Stored entries:

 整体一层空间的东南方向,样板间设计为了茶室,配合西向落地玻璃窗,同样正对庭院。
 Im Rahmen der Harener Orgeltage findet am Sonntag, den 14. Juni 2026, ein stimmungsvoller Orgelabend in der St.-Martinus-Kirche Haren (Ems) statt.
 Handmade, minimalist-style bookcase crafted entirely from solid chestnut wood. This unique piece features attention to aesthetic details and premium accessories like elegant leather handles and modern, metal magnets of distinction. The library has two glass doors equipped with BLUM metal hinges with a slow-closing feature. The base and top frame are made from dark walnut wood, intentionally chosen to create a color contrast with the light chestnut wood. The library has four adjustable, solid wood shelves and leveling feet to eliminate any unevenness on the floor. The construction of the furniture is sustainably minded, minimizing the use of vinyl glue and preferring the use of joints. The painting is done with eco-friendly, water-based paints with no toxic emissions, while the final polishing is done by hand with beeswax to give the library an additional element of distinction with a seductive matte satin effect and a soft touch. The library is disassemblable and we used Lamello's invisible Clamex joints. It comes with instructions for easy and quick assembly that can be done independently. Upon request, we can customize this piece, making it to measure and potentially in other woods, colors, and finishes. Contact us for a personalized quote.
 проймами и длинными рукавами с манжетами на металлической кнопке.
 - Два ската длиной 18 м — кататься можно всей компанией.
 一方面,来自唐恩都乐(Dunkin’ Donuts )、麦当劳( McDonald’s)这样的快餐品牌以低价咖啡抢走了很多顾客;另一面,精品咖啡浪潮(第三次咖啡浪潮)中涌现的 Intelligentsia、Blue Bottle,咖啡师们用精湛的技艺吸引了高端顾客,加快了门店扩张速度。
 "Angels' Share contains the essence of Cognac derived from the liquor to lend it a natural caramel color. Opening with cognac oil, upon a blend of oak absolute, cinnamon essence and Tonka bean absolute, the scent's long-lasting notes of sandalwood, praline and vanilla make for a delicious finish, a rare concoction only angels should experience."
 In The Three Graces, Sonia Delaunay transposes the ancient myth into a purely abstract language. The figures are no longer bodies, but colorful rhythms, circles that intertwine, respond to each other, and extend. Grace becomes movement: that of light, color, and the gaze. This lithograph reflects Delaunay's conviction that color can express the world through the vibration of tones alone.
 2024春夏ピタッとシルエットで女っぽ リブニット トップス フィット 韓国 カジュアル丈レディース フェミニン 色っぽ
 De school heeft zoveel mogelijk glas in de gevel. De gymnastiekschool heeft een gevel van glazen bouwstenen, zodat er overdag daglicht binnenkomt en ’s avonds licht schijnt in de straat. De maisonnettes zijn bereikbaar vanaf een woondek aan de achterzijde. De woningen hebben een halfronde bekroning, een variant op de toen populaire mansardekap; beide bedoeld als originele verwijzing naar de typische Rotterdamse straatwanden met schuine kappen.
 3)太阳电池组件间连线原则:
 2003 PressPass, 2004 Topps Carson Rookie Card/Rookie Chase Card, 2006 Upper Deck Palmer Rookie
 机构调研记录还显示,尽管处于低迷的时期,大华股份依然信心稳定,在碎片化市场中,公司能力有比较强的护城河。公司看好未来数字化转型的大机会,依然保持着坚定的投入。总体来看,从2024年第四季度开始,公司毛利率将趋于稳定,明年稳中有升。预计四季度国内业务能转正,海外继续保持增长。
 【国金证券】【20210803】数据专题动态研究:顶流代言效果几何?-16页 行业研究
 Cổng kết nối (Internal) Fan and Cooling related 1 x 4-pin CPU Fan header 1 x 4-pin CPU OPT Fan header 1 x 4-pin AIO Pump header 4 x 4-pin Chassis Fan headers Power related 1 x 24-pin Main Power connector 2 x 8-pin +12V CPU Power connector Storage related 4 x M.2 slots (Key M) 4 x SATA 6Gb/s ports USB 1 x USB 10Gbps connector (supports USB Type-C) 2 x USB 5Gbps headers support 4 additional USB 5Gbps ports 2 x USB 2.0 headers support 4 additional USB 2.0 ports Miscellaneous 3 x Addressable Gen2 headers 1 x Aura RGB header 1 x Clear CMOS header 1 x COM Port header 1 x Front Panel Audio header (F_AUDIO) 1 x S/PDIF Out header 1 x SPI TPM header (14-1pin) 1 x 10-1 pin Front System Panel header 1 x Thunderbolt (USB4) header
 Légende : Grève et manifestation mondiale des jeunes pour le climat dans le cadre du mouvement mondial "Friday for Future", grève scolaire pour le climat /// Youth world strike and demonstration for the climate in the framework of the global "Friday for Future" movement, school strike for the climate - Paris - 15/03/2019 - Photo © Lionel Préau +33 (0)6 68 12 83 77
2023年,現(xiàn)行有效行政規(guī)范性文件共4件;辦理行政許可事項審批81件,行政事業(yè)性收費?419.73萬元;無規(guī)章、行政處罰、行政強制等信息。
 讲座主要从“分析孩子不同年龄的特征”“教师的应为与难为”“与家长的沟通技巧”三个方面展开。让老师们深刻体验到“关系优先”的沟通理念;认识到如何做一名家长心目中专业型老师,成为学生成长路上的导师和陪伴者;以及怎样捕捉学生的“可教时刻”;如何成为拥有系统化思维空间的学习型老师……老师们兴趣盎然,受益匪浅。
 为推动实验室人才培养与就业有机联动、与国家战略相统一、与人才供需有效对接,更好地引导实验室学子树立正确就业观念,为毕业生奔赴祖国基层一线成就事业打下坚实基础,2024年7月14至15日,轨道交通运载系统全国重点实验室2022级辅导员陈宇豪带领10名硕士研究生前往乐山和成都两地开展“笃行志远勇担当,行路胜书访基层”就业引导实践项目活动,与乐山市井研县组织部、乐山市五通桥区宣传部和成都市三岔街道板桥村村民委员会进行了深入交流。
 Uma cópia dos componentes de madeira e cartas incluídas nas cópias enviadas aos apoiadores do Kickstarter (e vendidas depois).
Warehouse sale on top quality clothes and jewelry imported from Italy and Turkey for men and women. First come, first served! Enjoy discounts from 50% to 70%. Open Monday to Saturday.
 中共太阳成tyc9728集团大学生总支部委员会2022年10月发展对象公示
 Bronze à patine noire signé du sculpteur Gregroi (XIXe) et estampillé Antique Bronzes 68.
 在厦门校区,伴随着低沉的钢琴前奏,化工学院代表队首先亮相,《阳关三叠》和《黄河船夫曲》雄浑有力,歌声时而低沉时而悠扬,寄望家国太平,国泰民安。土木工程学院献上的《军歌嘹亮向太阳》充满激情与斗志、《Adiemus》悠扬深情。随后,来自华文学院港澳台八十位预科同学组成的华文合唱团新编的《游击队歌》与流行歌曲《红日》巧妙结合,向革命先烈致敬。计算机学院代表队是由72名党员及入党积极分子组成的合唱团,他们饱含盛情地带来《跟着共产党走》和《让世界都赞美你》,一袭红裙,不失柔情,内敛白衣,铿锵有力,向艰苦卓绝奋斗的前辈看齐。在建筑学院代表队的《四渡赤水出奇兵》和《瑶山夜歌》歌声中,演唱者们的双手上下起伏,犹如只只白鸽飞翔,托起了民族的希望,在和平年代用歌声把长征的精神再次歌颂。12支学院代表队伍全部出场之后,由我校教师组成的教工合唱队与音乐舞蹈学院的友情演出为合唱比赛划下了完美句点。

Task statement: The lines to return begin at the first line of the records and end at the line holding "Im Rahmen der"; please return them exactly, including both, and nothing beyond.

Task response:
 整体一层空间的东南方向,样板间设计为了茶室,配合西向落地玻璃窗,同样正对庭院。
 Im Rahmen der Harener Orgeltage findet am Sonntag, den 14. Juni 2026, ein stimmungsvoller Orgelabend in der St.-Martinus-Kirche Haren (Ems) statt.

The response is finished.